Compiled against library: libvirt 1.3.1
Using library: libvirt 1.3.1
Using API: QEMU 1.3.1
Running hypervisor: QEMU 2.5.0

# dpkg -s qemu-kvm | grep Version
Version: 1:2.5+dfsg-5ubuntu10.

Is it safe to set the "MaxMemory" (reference) above the total physical memory of the host machine, if "currentMemory" will never exceed the actual available memory on the host machine?

Imagine a situation like:

  1. Host machine has 8GB of RAM
  2. VM is configured with 16GB of "MaxMemory", and 4GB of "currentMemory"

... is it possible for the VM to in any way utilize more than the currentMemory to crash the host, especially during the boot process?

To quote from the referenced link, "currentMemory" refers to:

The actual allocation of memory for the guest.
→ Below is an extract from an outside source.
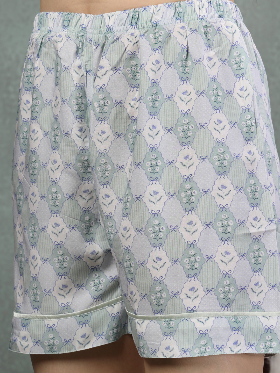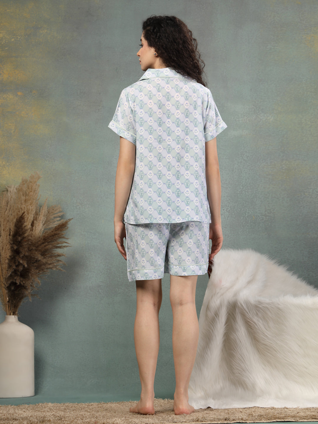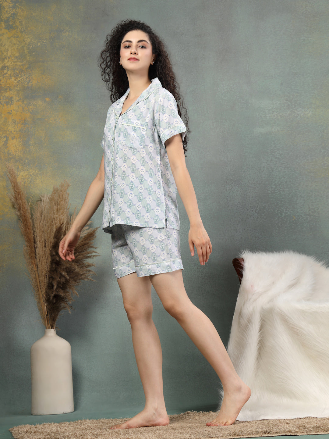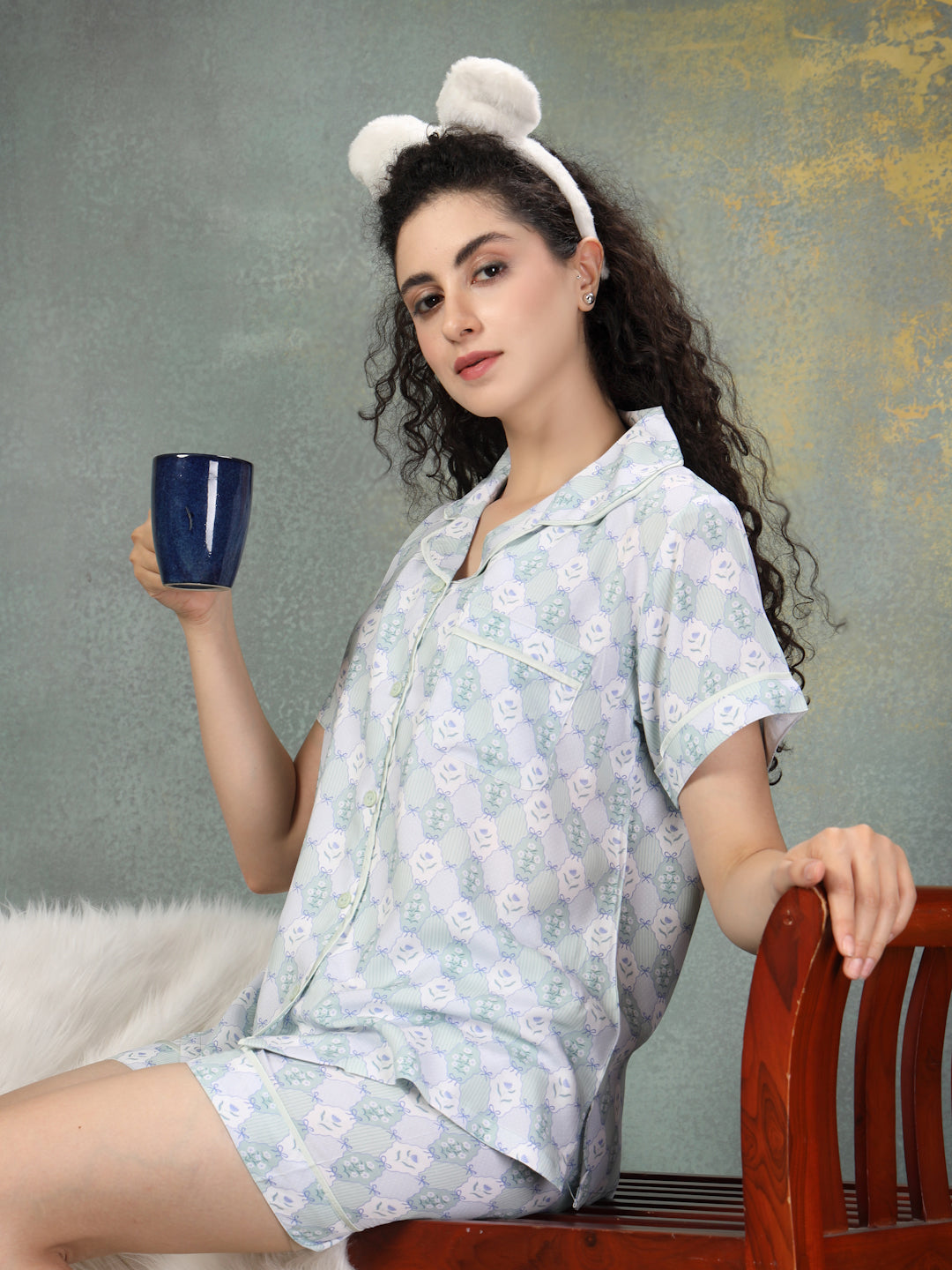 Crafted from buttery-soft viscose and brushed with a delicate pastel print, this ensemble is sunshine in fabric form. The relaxed fit lets you move like you own the weekend, while the matching piping and single chest pocket bring that tailored touch to your downtime. When your vibe says “cozy” but your look says “adorably put together,” this short set delivers the best of both worlds. This set brings a refined ease to your downtime, with a subtle nod to style.

Which seems to imply the real limit of the VM's memory use is the "currentMemory"; however, this quote:

The run time maximum memory allocation of the guest.

... which is in reference to the "MaxMemory" sort of implies "at run time" maybe it can use more than the currentMemory?

Can someone shed some light on this? The way I sort of assume this all works is that KVM boots the VM and tells it that it has the "MaxMemory" available to it, and then shortly after that tells the VM that it can only use the "currentMemory". I'm concerned there may be a bit of a race condition there where the VM might be allowed to quickly claim the "MaxMemory". Though I suppose even if it did, OOM Killer would likely just kill the VM's process on the host machine.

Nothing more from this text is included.